住友重機械とNEC、AI用いた実証実験、産業機械の予兆検出に成功

■RAPID機械学習を使用して射出成形機の故障予兆を検出

 住友重機械工業日本電気(NEC)は12月13日、産業機械の故障予兆の検出にAIを用いる実証実験を行い、プラスチック射出成形機から出力されたデータを利用した故障予兆の検出に成功したと発表した。今後両社は、実証実験の結果をもとに、産業機械におけるAIを活用した故障予兆の検出および生産された製品の良品判定、運転条件や設定の自動調整の実現に向けた連携を進める。

 電動射出成形機では、駆動機構に搭載されたボールねじのメンテナンスを計画的に実施したいという要求があり、故障予兆の検出が期待されていた。今回の実証実験では、その電動射出成形機の故障についてAIで予兆を検出できるかの検証を行った。

 射出成形機に標準的に搭載されているセンサ群の時系列データを利用して、ボールねじが正常な場合と損傷を受けた場合のデータの差異検出が可能かを検証した。正常と損傷のそれぞれの時系列データを、NECの最先端AI技術群「NEC the WISE」(注1)の1つである「RAPID機械学習」(注2)で分析した。

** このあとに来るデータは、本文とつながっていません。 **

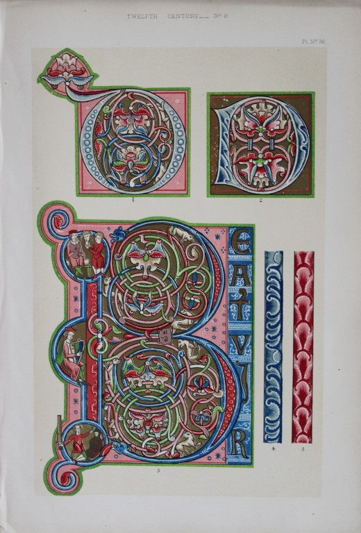 This beautiful chromolithographic print is from The Art of Illuminating as Practised in Europe from the Earliest Times by W R Tymms and M Digby Wyatt. Published by Day & Son, London 1860. 1st Edition.

その結果、1,500あるデータセットを20分程で学習し、1データセットあたり0.4秒以内で、正常と損傷のデータを高精度で判別できることを確認した。

 今後両社は、実証実験の結果をもとに、故障予兆における環境変動への耐性や、損傷の種別・程度の判定について検証を進めていくとともに、プラスチック製品へのAIによる画像検品の適用や、成形条件の自動調整実現も視野に入れ、NECのAI・IoT技術を活用した、成形工程全体の機能向上を目指していく。

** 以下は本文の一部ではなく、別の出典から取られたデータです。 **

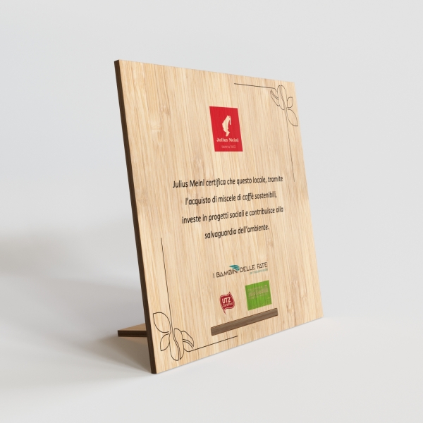 Ma l’impegno dell’azienda non finisce qui: tutti i locali che utilizzano miscele sostenibili e certificate Julius Meinl, riceveranno un certificato che attesta il loro impegno per la tutela dell’ambiente; per ognuno di loro, attraverso il Jane Goodall Institute, verrà piantato un albero per contribuire alla riforestazione della Tanzania, uno dei paesi di origine del caffè delle miscele Julius Meinl. A coloro che sceglieranno di partecipare attivamente al progetto de i Bambini delle Fate, vendendo il kit all'interno dei propri locali, sarà consegnata una speciale targa in bambù, a testimonianza del loro investimento in progetti sociali.

(注1)NEC the WISE(エヌイーシー ザ ワイズ)は、NECの最先端AI技術群の名。”The WISE”には「賢者たち」という意味があり、複雑化・高度化する社会課題に対し、人とAIが協調しながら高度な叡智で解決していくという想いを込めている。

(注2)ディープラーニング技術を搭載し、事前に手本となるデータを読み込むことで傾向を自動で学習するため、データの分類/検知/推薦などの高精度な判断が可能。また、NEC北米研究所の独自技術により、分析エンジンの高速化と軽量化の両立を実現。これにより、大規模なマシンリソースを必要とせずにサーバ1台から分析処理ができるため、幅広い業務や企業への適用が可能。